Content starts

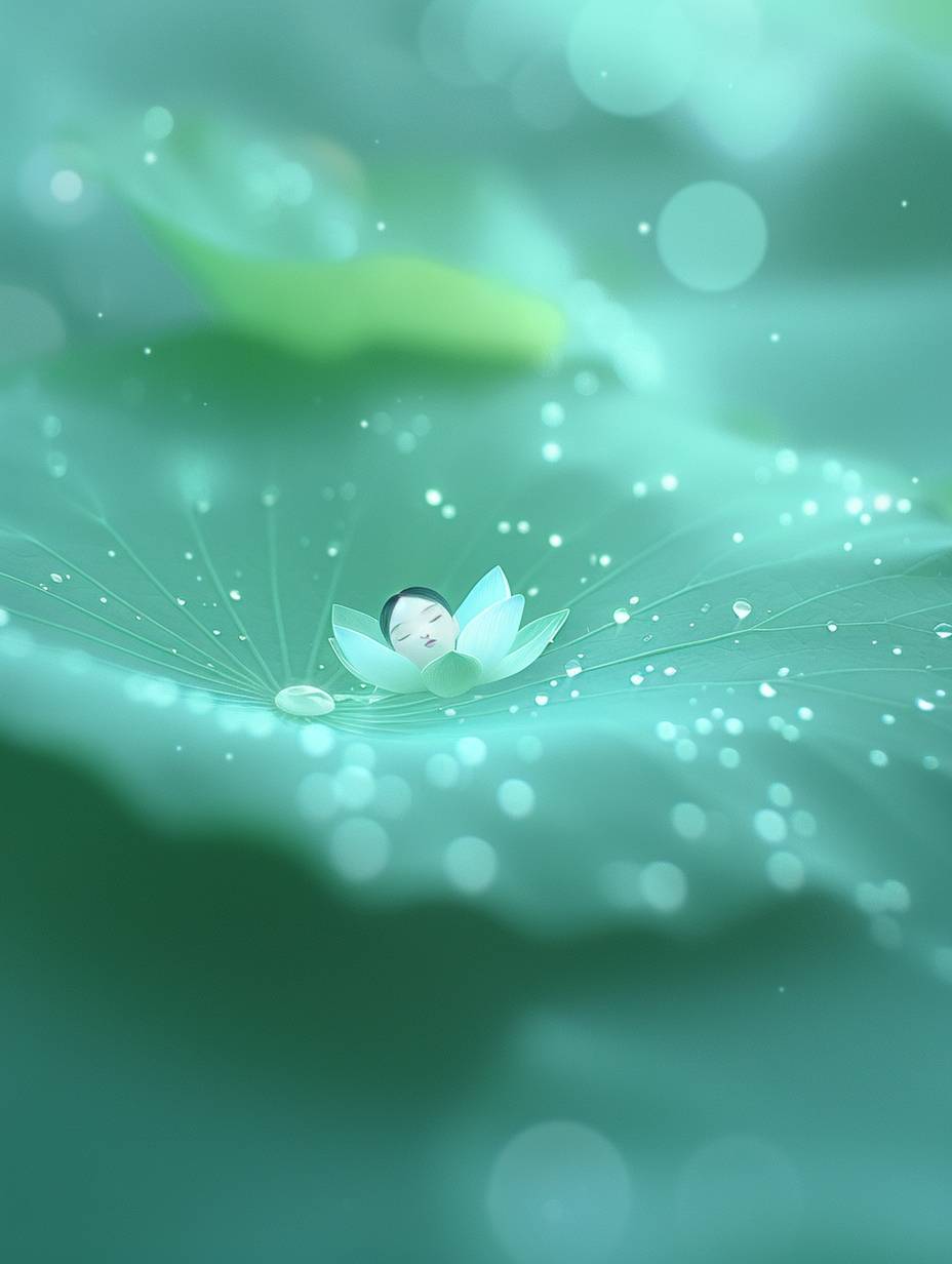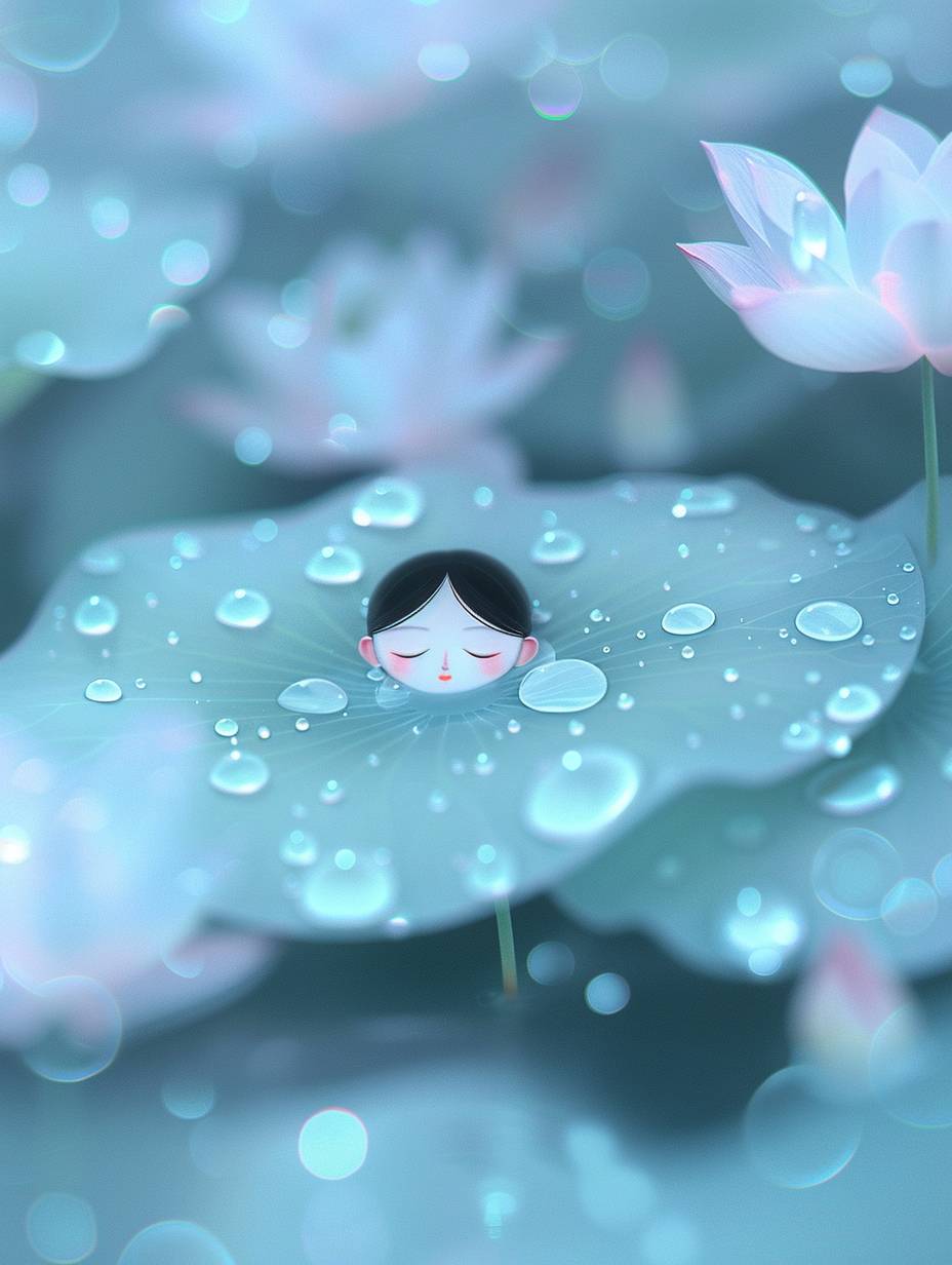 Lilliput illustration, China, tiny girl lying on lotus leaf, microscopic, translucent, soft red, full of water drops, HD. --ar 3:4 --personalize tqk2dar --stylize 750 --v 6.0
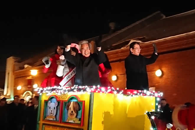 本日の点灯者、弘前市長、函館副市長、弘前城ミス桜、りんご娘さんがソリにのって登場です。
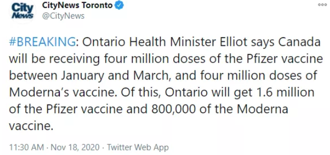 目前,加拿大将会在明年1月至3月间,收到400万支辉瑞疫苗和400万支莫德纳疫苗,共计800万支疫苗。
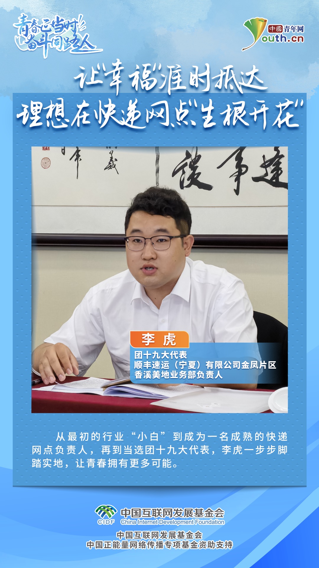 “我当时选择这个行业是因为看到了它对应届毕业生的利好规划和培养方向。”与刻板印象不同,毕业于宁夏大学的李虎选择加入快递服务行业,向下扎根、向上生长。三年时间,从最初的行业“小白”到成为一名成熟的快递网点负责人,再到当选团十九大代表,李虎一步步脚踏实地,让青春拥有更多可能。
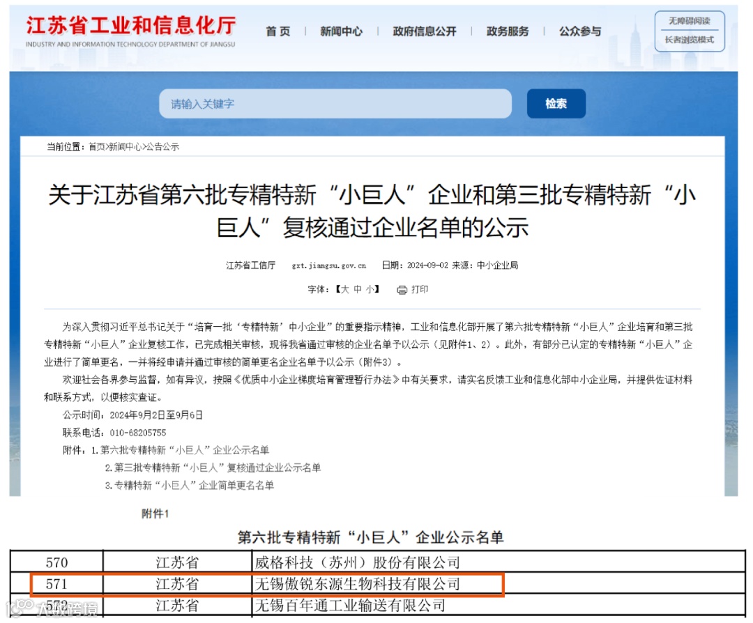 近日,江苏省工业和信息化厅公布了《关于江苏省第六批专精特新“小巨人”企业和第三批专精特新“小巨人”复核通过企业名单的公示》,中源协和旗下的无锡傲锐东源生物科技有限公司获得国家级专精特新“小巨人”企业称号,在技术创新、市场竞争力和行业影响力方面再获国家级的高度认可和肯定。
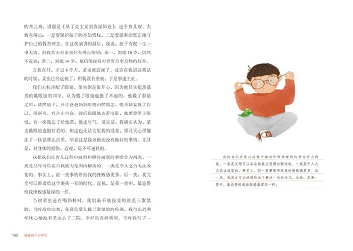 面对孩子,作者则呈现出无限宽容与温情的一面,始终与面临成长难题的孩子站在一起。在陪孩子写作业成为焦点话题的今天,读到下面的文字不由令人心头一热:“整个一年级,只要我在家,就陪伴菜虫,直到他作业写完。菜虫的书桌前是并排放两把椅子的,他坐一把,我坐一把。我不在,则换虫妈。这里也需要说明一下,陪伴的目的不是监督,陪伴是共同承担,不论快乐还是困难。”不去责难孩子,接纳孩子的感受,与孩子共情,耐心等待孩子的成长,看到孩子的每一点进步,这既是一位父亲的温柔深情,也体现了他对孩子成长规律与教育本质的深刻理解。
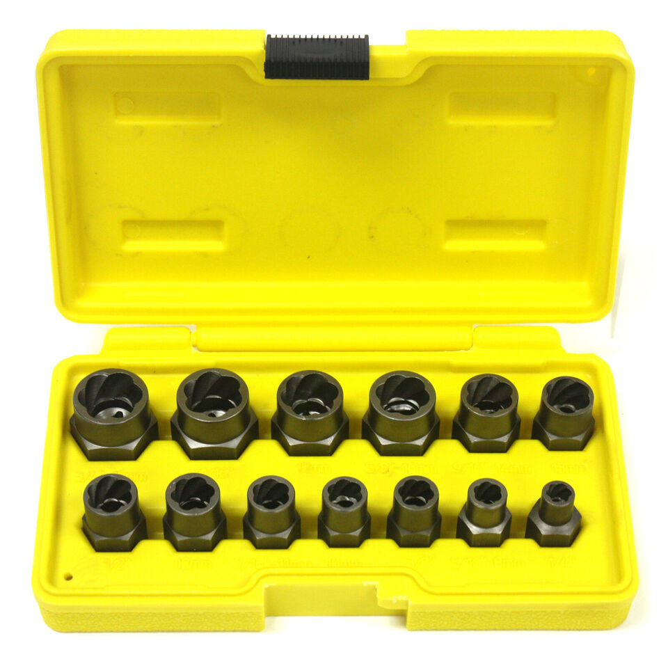 13pc Metric SAE 3/8" Drive Bolt Extractor Twist Socket Set Stud Nut 1/4" - 19mm
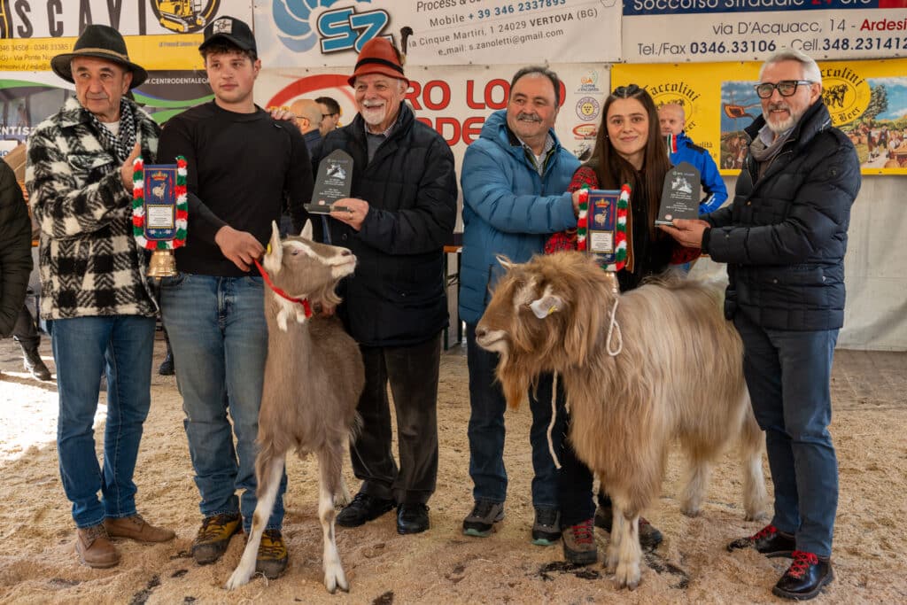 La Regina della Fiera è la giovane capra Sia dell’allevatore Nicolò Rizzi di Cene, il più giovane tra i presenti, classe 2005, che ha raccolto il testimone dell’azienda della mamma. Rizzi aveva già vinto nel 2023 con la capra Beth ed aveva vinto anche nel 2020 con il miglior becco. Alla prima partecipazione alla fiera di Ardesio l’azienda Fabio Rota (Almenno san Bartolomeo) ha conquistato il premio di Re della Fiera con il becco Zucco, un esemplare adulto di due anni di razza bionda dell’Adamello.
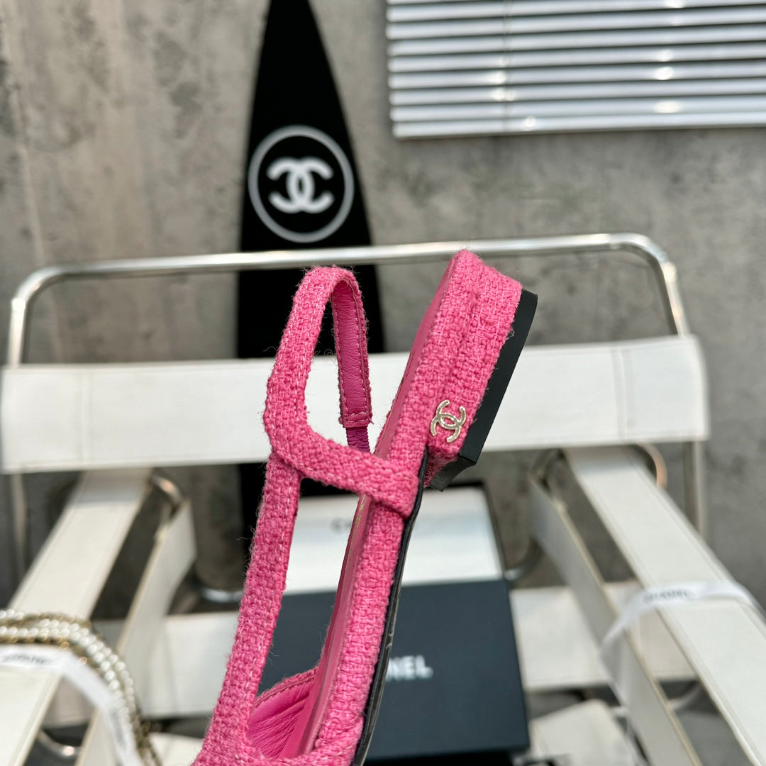 slingbacks flat pink tweed black patent calfskin
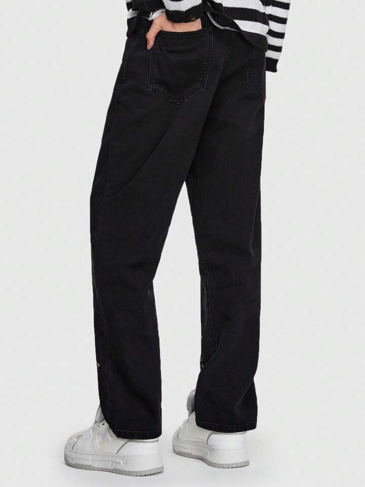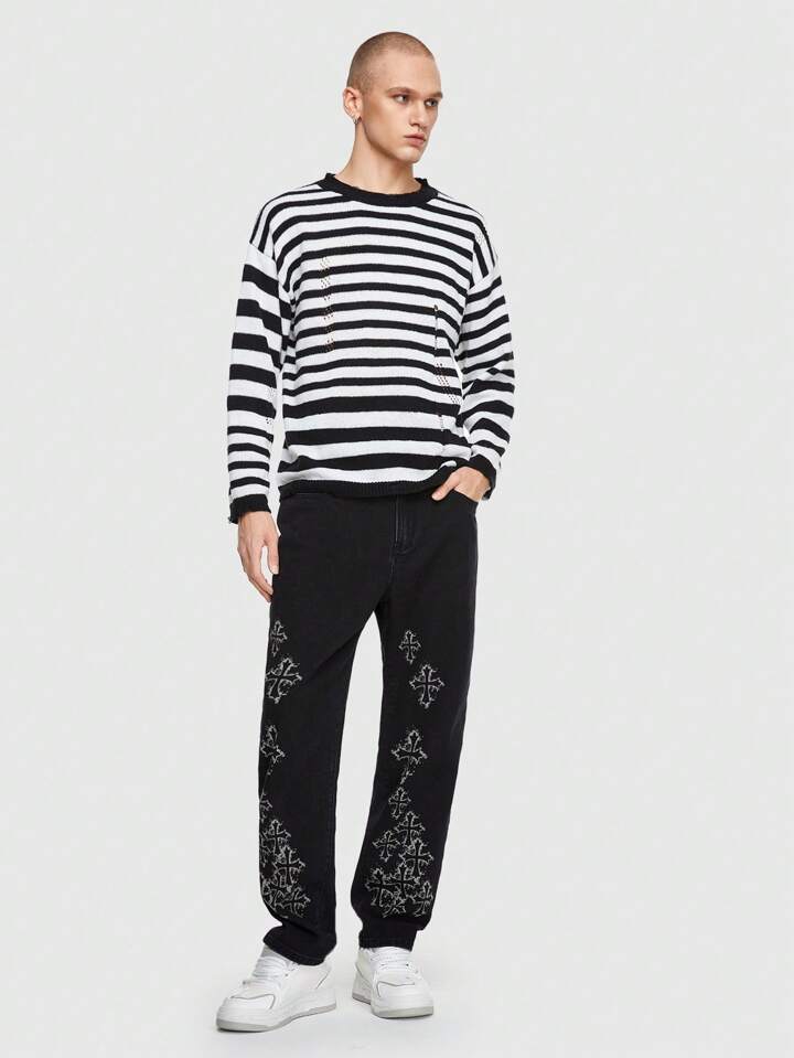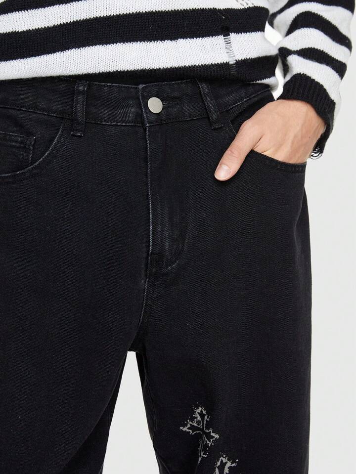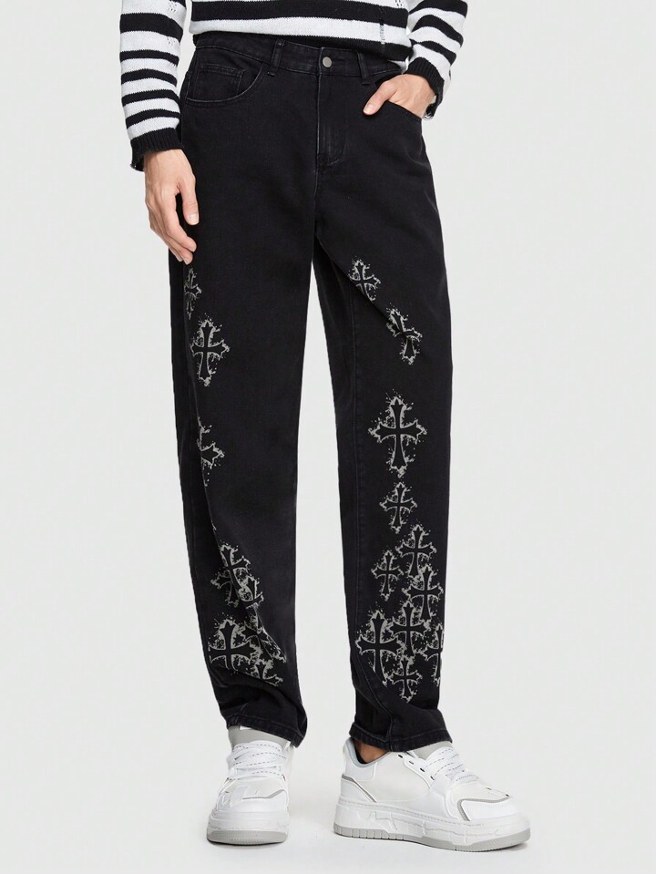 Goth Men Cross Print Straight Leg Jeans

Content ends

* [Task objective]: Set down exactly the lines above, from the line containing "目前,加拿大将会在明年1月至" through the line containing "13pc Metric SAE". Skip the pictures.

* [Exercise result]:
 目前,加拿大将会在明年1月至3月间,收到400万支辉瑞疫苗和400万支莫德纳疫苗,共计800万支疫苗。
 “我当时选择这个行业是因为看到了它对应届毕业生的利好规划和培养方向。”与刻板印象不同,毕业于宁夏大学的李虎选择加入快递服务行业,向下扎根、向上生长。三年时间,从最初的行业“小白”到成为一名成熟的快递网点负责人,再到当选团十九大代表,李虎一步步脚踏实地,让青春拥有更多可能。
 近日,江苏省工业和信息化厅公布了《关于江苏省第六批专精特新“小巨人”企业和第三批专精特新“小巨人”复核通过企业名单的公示》,中源协和旗下的无锡傲锐东源生物科技有限公司获得国家级专精特新“小巨人”企业称号,在技术创新、市场竞争力和行业影响力方面再获国家级的高度认可和肯定。
 面对孩子,作者则呈现出无限宽容与温情的一面,始终与面临成长难题的孩子站在一起。在陪孩子写作业成为焦点话题的今天,读到下面的文字不由令人心头一热:“整个一年级,只要我在家,就陪伴菜虫,直到他作业写完。菜虫的书桌前是并排放两把椅子的,他坐一把,我坐一把。我不在,则换虫妈。这里也需要说明一下,陪伴的目的不是监督,陪伴是共同承担,不论快乐还是困难。”不去责难孩子,接纳孩子的感受,与孩子共情,耐心等待孩子的成长,看到孩子的每一点进步,这既是一位父亲的温柔深情,也体现了他对孩子成长规律与教育本质的深刻理解。
 13pc Metric SAE 3/8" Drive Bolt Extractor Twist Socket Set Stud Nut 1/4" - 19mm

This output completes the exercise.